> _What the exercise asks_
Please report how many lines in the records below contain "inch". Reply with the number alone.

> _Items listed in a dataset_
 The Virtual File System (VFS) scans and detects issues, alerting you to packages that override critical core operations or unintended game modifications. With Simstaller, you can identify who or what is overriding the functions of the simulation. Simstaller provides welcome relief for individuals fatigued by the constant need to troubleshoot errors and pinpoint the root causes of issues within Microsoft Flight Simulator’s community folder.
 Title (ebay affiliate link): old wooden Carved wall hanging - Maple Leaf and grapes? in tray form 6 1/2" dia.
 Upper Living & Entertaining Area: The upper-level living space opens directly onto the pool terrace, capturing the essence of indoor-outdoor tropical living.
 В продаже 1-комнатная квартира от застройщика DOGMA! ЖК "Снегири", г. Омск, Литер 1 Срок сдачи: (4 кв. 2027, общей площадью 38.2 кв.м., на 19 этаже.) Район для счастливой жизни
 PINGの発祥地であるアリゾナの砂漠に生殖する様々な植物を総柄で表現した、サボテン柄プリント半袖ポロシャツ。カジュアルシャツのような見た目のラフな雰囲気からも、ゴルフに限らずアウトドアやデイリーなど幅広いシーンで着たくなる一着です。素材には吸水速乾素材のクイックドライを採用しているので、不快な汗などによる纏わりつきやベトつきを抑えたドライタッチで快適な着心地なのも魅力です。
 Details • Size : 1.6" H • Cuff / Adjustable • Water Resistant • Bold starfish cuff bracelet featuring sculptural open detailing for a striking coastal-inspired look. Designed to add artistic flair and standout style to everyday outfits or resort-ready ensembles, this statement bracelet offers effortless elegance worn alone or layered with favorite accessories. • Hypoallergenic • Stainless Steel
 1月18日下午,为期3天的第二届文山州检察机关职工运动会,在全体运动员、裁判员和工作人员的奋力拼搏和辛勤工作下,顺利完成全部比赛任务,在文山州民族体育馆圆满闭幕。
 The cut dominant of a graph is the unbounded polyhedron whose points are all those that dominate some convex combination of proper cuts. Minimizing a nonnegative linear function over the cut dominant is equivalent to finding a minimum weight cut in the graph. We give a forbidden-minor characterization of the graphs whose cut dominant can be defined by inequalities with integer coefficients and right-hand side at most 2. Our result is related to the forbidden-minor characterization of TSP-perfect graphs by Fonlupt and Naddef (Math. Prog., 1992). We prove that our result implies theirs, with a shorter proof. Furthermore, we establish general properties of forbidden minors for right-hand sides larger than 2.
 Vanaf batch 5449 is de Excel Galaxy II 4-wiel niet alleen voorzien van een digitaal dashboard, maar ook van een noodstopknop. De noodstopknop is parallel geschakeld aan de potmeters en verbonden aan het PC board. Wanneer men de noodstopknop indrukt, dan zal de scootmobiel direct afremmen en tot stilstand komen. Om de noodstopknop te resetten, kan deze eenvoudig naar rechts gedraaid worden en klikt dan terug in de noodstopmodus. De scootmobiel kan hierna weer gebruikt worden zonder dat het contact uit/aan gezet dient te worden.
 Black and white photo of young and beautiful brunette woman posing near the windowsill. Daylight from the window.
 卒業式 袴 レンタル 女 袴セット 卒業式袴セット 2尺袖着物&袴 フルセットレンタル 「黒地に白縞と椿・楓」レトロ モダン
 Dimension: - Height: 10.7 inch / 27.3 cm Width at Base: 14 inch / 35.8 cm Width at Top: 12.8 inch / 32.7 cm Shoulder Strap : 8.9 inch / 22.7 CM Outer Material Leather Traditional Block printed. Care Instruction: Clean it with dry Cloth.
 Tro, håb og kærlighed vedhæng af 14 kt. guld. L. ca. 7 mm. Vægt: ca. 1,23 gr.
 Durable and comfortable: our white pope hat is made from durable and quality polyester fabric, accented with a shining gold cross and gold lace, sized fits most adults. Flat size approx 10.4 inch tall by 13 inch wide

> _Exercise response_
2